A recent example involves the gene that produces tau, a protein important in brain function and implicated in Alzheimer’s disease. Researchers found mature RNA molecules in human brain tissue that still contained specific introns (intron 3 and intron 12). Rather than being errors, these retained introns produced truncated versions of the tau protein with distinct properties. The resulting “W-tau” isoforms were actually more soluble and less prone to clumping than standard tau, while still performing normal tau functions. These intron-retaining transcripts were confirmed in both human cell lines and brain samples using sensitive detection methods.

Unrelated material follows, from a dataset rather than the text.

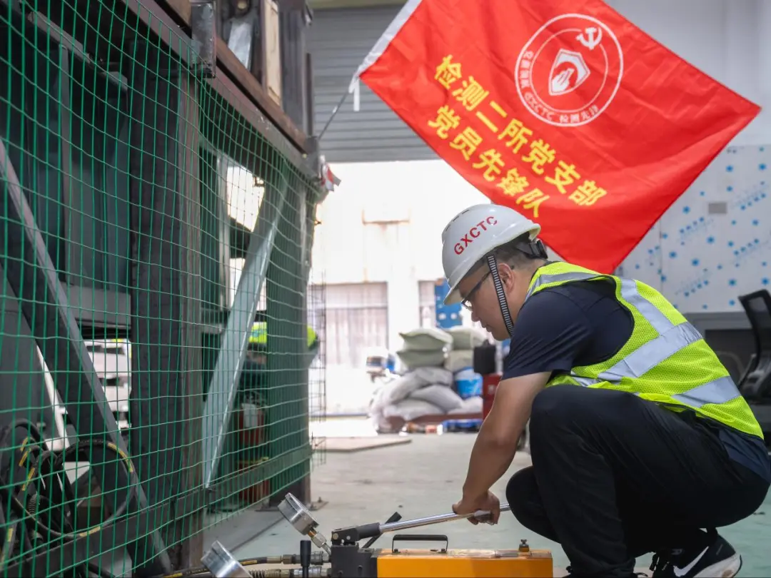 检测二所党支部深耕“党旗领航,检测先锋”党建品牌,全力服务西部陆海新通道(平陆)运河、南宁T3航站楼等战略工程。推行“三个一线”工作法(党旗插在一线、党员冲在一线、服务保障一线),组建T3航站楼、桥梁检测等5支党员先锋队,确保骨干力量下沉、保障重大项目到位。其中桥梁检测党员先锋队平均年龄30岁,党员占比41%,青年骨干达70%,博士硕士占比超40%,以高学历、强技术、敢攻坚著称,“十四五”期间高质量完成广西240余座桥梁检测任务;T3航站楼党员先锋队突破场地与技术双重限制,2025年高效搭建抗风揭试验室,完成广西首例金属屋面系统抗风揭试验,保障重大工程节点检测完成率100%。

So while retained introns can be a sign of malfunction, they can also be a deliberate regulatory strategy. The cell uses intron retention to expand the range of proteins a single gene can produce.
When Splicing Goes Wrong
At least 15 percent of all human genetic diseases involve splicing errors. Mutations at intron-exon boundaries can prevent the spliceosome from recognizing where to cut, leading to introns being incorrectly included or exons being accidentally skipped. Research has also shown that problems with the protective cap added to the front of pre-mRNA can impair splicing across the entire transcript, not just the first intron. In experiments where capping was disrupted, all tested introns showed retention, regardless of their position in the molecule.

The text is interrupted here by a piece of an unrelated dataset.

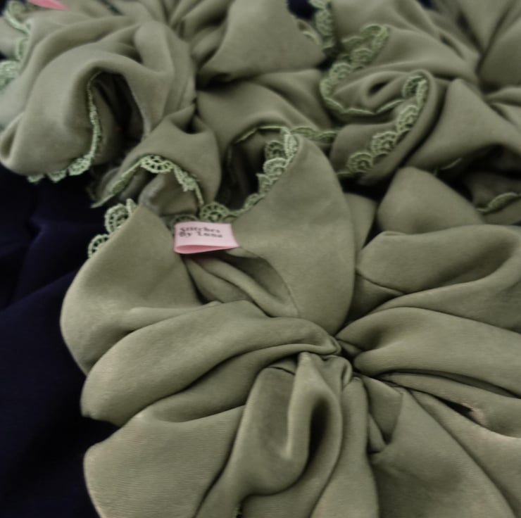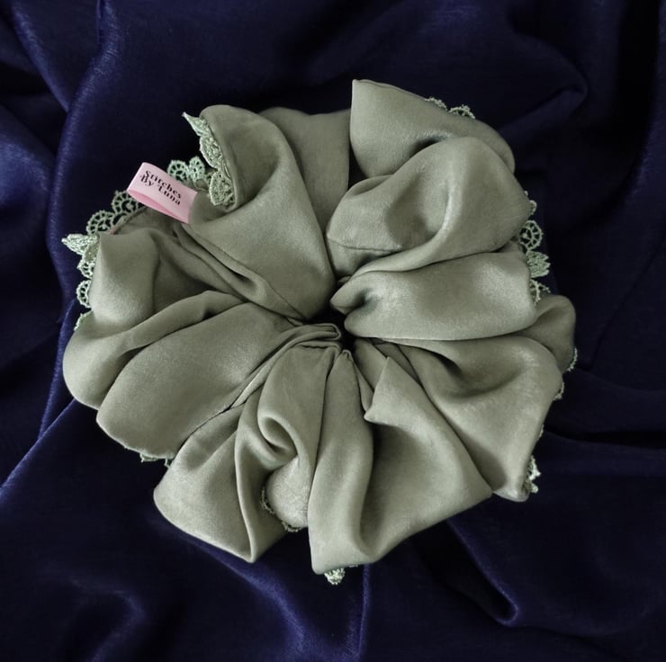 Oversized Lace Trim Scrunchies, XXL Velvet Satin Scrunchies, Handmade Scrunchies

The cell has a backup system for catching some of these mistakes. A surveillance mechanism called nonsense-mediated decay detects transcripts where splicing errors have introduced premature stop signals. Introns actually play a role in this detection: proteins deposited at exon-exon junctions during splicing serve as markers. If one of these markers sits too far downstream of a stop signal, the cell recognizes the transcript as defective and destroys it.
Why Introns Exist at All
If introns are just going to be removed, why does the cell bother with them? The energy cost of copying and precisely excising introns is significant, yet they’ve persisted across hundreds of millions of years of evolution, which implies they provide real advantages.
The most important benefit is protein diversity. Alternative splicing, where different combinations of exons are included or excluded, allows a single gene to produce multiple protein variants. Introns are the spacers that make this flexibility possible. Beyond that, introns boost gene expression. Experiments have shown that genes containing introns can produce up to 400 times more protein than identical genes with their introns removed. Introns also contain sequence elements needed for correct transcription initiation and termination, and intron-bearing transcripts are preferentially shuttled to the cytoplasm where proteins are made.
Prokaryotes (bacteria and similar organisms) took a different evolutionary path. Their mRNA is translated directly without splicing, and their genomes are largely intron-free. The prevailing explanation is that prokaryotes’ large population sizes created strong selective pressure to streamline their genomes, while eukaryotes retained and co-opted introns for regulatory purposes.